Only testing that the function accepts two integers and returns an integer, or
Not testing the function at all

But if I'm not testing the functions at all—either in practice or in principle—I'm not sure how I can guarantee the correctness of the functions in the case of an eventual refactor.

What is the best way to test functions that have completely deterministic output, but can operate on a large range of possible inputs?

I don't see how the first approach (test some reasonable values, add new ones as failures are exposed by other means) defeats the point of having a unit test. Many unit tests are regression tests. Turning real bug reports into test cases is a valid, useful and widespread method of creating regression tests. I don't really see all that much potential for that though, if the implementation is really just straightforward transliteration of a formula that already does what you want. In which case a few manually-picked values (try to choose edge cases) makes a perfectly fine unit test. — , Feb 11 '15 at 22:48
`I'm not sure how I can guarantee the correctness of the functions in the case of an eventual refactor.` Tests never *guarantee* correctness. That aside, an issue you didn't touch upon is that comparing floating point numbers is a complicated business, so even if you know what the result ought to be, comparing that to the output of the function isn't exactly trivial. And then there's [numerical stability](https://en.wikipedia.org/wiki/Numerical_stability); sometimes a naive implementation of a function results in errors accumulating. — Doval, Feb 11 '15 at 22:50
@Doval Right, which is why I'm thinking not testing the function at all (or just testing the signature) is not a good idea. — Evan, Feb 11 '15 at 22:57
@delnan If testing a subset and adding new cases as they're found ad infinitum is how people generally approach this problem, I'm prepared to accept that as the way it is. The purpose of my question is, after all, to double-check that with other programmers because it just seems a bit icky to me. — Evan, Feb 11 '15 at 22:59
@Evan Testing can never rule out bugs, only find them. Generally this process does not continue ad infinitum though, since you keep the accumulated tests around, and hence (should) never re-introduce any of the bugs already discovered, thus steadily improve reliability. That's what *regression* tests are all about. There's really no reasonable way to test *all* inputs. Testing methodology is about getting the most bang for the buck, and a bug which has already occurred in the wild is hard to beat at that: You already know that this problem can occur, and the test case is practically free. — , Feb 11 '15 at 23:08
@delnan Is there a reason why you're not providing your thoughts on this as an answer so that others can vote on it and I can accept it if need be? — Evan, Feb 11 '15 at 23:14
Since you are dealing with Mathematical functions, have you considered *proving* them correct? — Giorgio, Feb 19 '15 at 21:47

score 19 · Answer 1 · answered Feb 11 '15 at 23:25

19

Create one or two typical test cases, and then focus your remaining testing on boundary conditions.
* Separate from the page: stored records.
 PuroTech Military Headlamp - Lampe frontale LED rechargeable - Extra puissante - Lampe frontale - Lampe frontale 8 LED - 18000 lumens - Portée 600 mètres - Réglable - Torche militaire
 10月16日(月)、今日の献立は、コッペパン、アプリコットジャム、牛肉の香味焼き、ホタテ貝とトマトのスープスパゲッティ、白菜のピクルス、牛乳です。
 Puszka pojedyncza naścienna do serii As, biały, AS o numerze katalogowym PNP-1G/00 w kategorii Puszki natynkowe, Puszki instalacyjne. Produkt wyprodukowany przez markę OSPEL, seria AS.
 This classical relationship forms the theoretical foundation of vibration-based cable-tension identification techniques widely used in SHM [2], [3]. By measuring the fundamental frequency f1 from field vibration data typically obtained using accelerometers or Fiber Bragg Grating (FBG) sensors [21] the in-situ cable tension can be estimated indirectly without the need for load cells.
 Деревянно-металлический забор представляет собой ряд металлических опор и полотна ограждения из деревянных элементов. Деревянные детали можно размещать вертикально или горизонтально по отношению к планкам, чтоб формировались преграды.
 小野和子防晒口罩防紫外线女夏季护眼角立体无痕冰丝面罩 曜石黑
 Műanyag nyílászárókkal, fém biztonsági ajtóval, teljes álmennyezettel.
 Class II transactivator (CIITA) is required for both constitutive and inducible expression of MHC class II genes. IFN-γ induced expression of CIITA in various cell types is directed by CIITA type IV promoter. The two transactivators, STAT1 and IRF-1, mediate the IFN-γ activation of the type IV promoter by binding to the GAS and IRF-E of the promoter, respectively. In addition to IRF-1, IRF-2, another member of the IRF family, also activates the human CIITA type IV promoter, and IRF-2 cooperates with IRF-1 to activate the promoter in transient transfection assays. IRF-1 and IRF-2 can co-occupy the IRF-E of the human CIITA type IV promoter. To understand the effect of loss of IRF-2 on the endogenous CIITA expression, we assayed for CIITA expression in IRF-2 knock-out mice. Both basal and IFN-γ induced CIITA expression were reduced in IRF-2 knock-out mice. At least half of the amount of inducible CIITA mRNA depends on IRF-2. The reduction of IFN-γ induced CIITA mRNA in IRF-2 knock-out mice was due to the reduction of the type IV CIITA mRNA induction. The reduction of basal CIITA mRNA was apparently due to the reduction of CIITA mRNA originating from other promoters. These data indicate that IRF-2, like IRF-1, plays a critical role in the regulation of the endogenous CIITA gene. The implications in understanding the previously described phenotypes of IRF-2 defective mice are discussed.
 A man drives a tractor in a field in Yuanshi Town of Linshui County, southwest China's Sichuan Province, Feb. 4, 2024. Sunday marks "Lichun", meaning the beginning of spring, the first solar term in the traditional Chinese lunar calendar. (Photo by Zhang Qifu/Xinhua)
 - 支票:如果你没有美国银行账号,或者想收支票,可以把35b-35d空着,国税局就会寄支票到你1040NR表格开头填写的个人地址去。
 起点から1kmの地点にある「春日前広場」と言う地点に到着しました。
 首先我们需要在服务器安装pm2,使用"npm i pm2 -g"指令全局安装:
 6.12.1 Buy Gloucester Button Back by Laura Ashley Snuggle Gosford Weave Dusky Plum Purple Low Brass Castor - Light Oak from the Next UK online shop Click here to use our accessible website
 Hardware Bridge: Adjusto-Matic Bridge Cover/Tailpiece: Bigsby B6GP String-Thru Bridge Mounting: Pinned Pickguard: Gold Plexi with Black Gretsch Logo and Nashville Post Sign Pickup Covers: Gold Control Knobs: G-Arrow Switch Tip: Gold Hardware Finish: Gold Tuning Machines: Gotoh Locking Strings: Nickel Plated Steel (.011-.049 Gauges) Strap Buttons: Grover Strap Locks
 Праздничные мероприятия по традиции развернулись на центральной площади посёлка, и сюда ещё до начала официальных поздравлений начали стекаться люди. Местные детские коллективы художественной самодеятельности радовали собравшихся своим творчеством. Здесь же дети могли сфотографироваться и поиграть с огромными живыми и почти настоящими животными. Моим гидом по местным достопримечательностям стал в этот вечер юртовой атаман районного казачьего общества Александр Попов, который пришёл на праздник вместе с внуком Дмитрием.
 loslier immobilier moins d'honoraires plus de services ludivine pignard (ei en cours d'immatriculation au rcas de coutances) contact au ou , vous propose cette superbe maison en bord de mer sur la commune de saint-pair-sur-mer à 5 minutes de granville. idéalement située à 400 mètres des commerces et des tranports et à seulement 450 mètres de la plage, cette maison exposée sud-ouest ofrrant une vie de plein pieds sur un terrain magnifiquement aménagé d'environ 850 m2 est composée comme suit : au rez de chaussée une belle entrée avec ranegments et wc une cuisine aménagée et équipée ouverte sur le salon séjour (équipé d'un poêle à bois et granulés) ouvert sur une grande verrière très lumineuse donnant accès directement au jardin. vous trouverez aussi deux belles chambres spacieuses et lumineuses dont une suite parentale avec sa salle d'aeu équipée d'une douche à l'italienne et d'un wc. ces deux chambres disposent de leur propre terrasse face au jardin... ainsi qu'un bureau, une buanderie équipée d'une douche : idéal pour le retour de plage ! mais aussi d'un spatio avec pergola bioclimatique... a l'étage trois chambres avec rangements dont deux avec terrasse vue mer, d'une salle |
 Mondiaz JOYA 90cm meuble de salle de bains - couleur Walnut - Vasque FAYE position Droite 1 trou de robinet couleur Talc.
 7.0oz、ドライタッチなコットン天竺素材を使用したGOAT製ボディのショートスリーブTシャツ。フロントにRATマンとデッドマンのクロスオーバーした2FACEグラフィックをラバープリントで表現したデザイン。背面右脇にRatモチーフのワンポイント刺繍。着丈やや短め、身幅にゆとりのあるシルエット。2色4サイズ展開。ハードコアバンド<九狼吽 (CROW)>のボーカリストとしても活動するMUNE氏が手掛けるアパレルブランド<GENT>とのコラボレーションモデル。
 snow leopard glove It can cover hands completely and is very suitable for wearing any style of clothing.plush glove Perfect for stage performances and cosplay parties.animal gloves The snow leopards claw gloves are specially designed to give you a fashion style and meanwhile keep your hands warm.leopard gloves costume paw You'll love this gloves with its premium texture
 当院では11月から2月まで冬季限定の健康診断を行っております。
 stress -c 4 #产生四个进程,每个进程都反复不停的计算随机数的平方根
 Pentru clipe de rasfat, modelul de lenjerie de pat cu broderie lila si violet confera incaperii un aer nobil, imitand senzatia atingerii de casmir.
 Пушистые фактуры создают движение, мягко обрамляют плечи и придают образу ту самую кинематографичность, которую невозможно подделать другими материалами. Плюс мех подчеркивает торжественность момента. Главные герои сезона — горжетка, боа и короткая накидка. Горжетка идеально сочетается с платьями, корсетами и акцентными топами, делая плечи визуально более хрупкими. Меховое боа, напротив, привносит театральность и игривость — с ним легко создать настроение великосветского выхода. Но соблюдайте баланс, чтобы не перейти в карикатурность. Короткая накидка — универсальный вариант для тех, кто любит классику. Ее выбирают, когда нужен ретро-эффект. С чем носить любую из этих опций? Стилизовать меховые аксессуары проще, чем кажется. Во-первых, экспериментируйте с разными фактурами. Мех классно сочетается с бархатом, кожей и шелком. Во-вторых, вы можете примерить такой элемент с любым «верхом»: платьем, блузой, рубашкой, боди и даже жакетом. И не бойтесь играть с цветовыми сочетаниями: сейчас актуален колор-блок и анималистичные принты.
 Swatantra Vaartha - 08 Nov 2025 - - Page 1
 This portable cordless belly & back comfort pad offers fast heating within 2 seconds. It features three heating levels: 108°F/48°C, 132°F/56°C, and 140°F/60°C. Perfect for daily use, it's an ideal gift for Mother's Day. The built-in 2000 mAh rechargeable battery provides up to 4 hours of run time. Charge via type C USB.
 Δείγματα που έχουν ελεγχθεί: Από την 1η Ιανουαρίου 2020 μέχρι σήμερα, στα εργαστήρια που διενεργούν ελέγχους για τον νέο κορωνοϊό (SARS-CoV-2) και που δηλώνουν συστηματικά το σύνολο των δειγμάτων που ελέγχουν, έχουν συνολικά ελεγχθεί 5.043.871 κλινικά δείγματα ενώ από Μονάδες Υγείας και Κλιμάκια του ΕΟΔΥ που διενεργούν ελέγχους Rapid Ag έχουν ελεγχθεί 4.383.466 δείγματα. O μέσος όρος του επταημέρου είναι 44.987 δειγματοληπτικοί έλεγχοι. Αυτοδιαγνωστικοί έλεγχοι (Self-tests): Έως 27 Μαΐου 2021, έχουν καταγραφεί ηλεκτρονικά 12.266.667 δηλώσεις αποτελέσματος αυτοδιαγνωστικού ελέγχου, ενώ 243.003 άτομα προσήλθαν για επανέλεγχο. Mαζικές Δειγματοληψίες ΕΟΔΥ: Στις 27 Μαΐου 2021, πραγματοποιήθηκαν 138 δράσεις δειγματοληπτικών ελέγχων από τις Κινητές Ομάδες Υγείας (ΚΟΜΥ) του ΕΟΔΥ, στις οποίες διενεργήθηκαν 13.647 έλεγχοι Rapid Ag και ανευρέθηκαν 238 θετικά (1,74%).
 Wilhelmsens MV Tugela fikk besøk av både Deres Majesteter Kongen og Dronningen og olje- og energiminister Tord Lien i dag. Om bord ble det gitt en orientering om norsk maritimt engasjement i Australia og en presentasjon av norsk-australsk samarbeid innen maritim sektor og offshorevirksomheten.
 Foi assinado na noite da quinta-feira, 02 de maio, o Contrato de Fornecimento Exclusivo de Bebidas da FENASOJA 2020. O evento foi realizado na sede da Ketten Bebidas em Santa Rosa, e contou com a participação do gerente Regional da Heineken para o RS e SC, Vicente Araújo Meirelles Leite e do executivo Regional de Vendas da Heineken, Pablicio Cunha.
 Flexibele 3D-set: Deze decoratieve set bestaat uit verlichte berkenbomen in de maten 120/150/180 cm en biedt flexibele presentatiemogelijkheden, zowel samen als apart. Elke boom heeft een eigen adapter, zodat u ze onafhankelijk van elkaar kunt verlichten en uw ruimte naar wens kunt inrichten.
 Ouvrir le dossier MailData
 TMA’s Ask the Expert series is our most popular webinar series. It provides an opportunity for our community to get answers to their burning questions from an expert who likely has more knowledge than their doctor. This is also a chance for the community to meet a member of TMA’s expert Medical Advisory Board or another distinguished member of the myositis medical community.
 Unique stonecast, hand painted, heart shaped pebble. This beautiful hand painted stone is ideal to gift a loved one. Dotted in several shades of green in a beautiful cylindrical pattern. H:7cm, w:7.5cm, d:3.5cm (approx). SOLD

For example, how does your function behave with zeroes? with ones? with int.MaxValue? What are the largest positive or negative numbers that can be used in the function before it overflows or underflows? What happens when an overflow or underflow occurs?

And so forth.

answered Feb 11 '15 at 23:25

Robert Harvey

198,589
55
464
673

1

My thoughts exactly: have a few "good" tests to validate your typical inputs produce expected results. Then try your hardest to _break_ your code. Boundary values, invalid inputs (see if it throws an exception, maybe), NaN, +/- infinity, etc. – Feb 11 '15 at 23:35

score 12 · Accepted Answer · answered Feb 12 '15 at 00:14

12

It's very important to have reproducible failing or succeeding tests, so forget about any random input approach. Let's say you test the sin(x) function and you know its result is always in the range of [-1,1] and you say you test 100 random numbers then your assertion is mathematically right but what if there is any dirty fast sin(x) implementation which may produce a 1.00000000000001 and your test fails nearly every 1000th run.

Try to find good input parameters:

values producing nice round results
inflection points
relative and absolute borders

Sometimes parametrized functions keep those properties when changing only a specific parameter (for example the zero crossings and a scaling parameter), so also test some odd values.

And reduce boilerplate code with unit test data-providers if available.

answered Feb 12 '15 at 00:14

Aitch

709
4
13

Thanks: both Robert Harvey's answer and yours generally suggest the same thing, but I'm accepting yours because you more directly addressed some of the concerns I had mentioned. – Evan Feb 12 '15 at 01:02
You can use random values by remembering the seed and using it to reset your random generator if the test fails. Just save the current seed of your generator when the test is first created and reset the generator with the saved seed when the test is set up. – Leandro Caniglia Feb 12 '15 at 17:58
Yeah I know what you mean. Actually you would generate any seed for good pseudo-random numbers from the best random value you can get or at least any time dependent input to have unique seeds. In the case of testing you would always use the same seed to have exactly the same set of numbers. The point is only why would you suppose those numbers to unit test something better than a user-defined set. This approach would also say, that 101 numbers is a better coverage than 100 numbers, so you're running into testing all possible parameters. – Aitch Feb 12 '15 at 20:58
1

You don't necessarily need the seed. You can also output the randomly generated inputs in the error message. If the test fails, you create a new reproducible test with the inputs of the failing test. This method has proven very effective for me. – Reinstate Monica Dec 29 '16 at 16:33

Benjamin Hodgson · Answer 3 · 2015-02-19T22:16:38.487

Mathematical functions are especially amenable to property-based testing.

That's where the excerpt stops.